Once we get to the point of this thought experiment, though, I do not think it is correct to say that evolution is optimizing for IGF. Just as the body is merely the vehicle for the gene, the gene is merely the vehicle for information. Evolution is optimizing for self-replicating information, and DNA just happens to be a convenient molecule for this purpose. And evolution isn’t adaptive or forward-looking. The optimization process it generates is purely mechanical in nature, like a rock rolling downhill.
If we could keep our survival-and-replication information the same, while replacing our DNA with some other storage mechanism, that would be perfectly in accord with the optimization process evolution is running. Eliezer seems to think that a total rewrite to the DNA would be losing information. I would argue that if the vehicle is still able to perform and replicate as effectively as before, then the information relevant to evolution has been perfectly preserved—only the genetic sequence is lost, and that’s the mere vehicle for the replication-relevant information. Evolution doesn’t care about the DNA sequence. It acts on the replication-relevant information.
Does that matter for the AI safety argument?
I think it shows the limits of evolution as a metaphore for this topic. The key issue with agentic intelligence is that it is adaptive and forward-looking, in a way that natural selection simply is not (even though natural selection can be steered by the agentic processes that it has given rise to, and the rise of intelligence is a consequence of natural selection). So we can’t say “we broke free of evolution, therefore AI can break free of us.” We are agentic, foreward-thinking, and so we can adaptively anticipate what AI will do and pre-empt any such breakaway in a way that’s simply beyond the capacity of evolution.
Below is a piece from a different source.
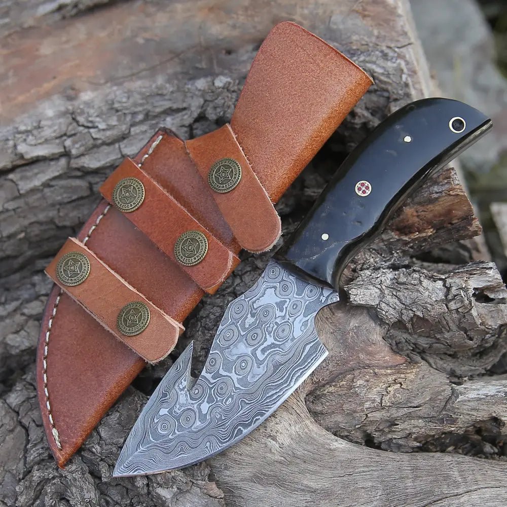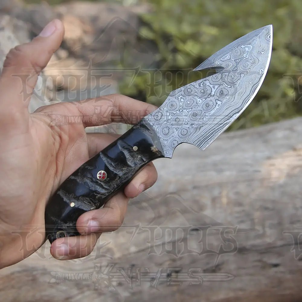 CUSTOM HAND FORGED DAMASCUS STEEL BLADE HUNTING KNIFE WITH GUT HOOK
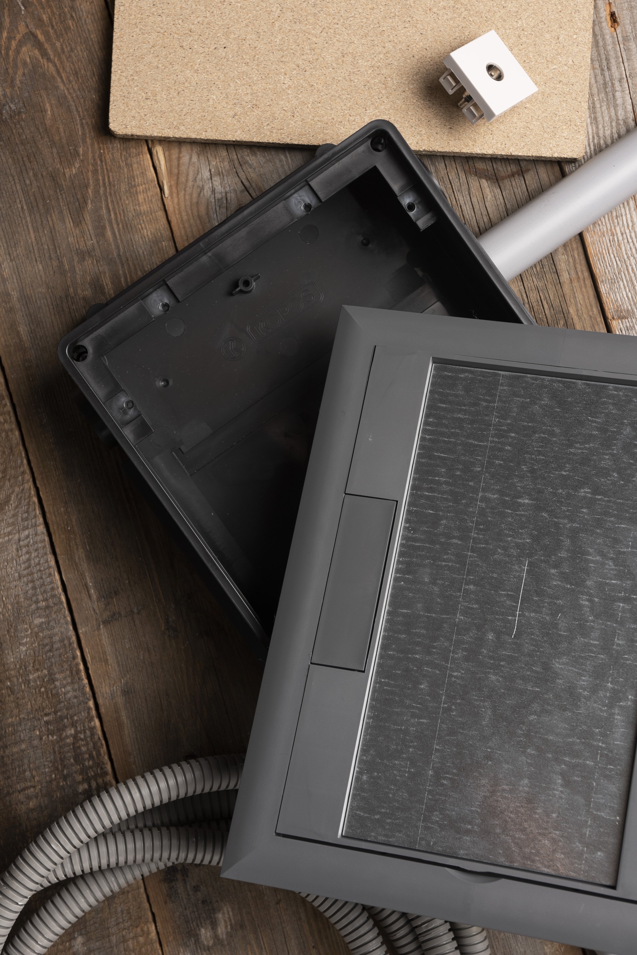 Лючок под розетки – это изделие прямоугольной формы, для компактного размещения электрических и информационных розеток. Лючки могут использоваться самостоятельно при установке в фальш-пол или вместе с коробкой для заливки в бетон, которая устанавливается в момент заливки стяжки. Лючки имеют вводы для установки кабелей внутри пола и выводы непосредственно к потребителю через крышку лючка. Внутри лючка есть посадочные модули (посты) стандарта 45*45 для установки розеток. Все лючки C-Line ударопрочные и выдерживают нагрузку до 153 кг.

Just because we can doesn’t mean we will, but we should.
Ultimately, then I think we have to look at this aspect of the empirical result of evolution not so much as a piece of evidence about what will happen with AI alignment, as an intuition-building metaphore. The empirical result that is actually informative about the results of agency is the way we’ve taken control over the world and killed off our competitors. Whatever information can self-replicate most effectively—whether contained in human DNA, in a computer virus, or in an AI agent—will do so, up until it runs into a hard limit in its ability to do so or gets outcompeted by some other even more effectively-replicating piece of information. Or, in other words, evolution will be perfectly happy to continue optimizing for the reproductive fitness of information that uses computer code as the gene and machines as the vehicle.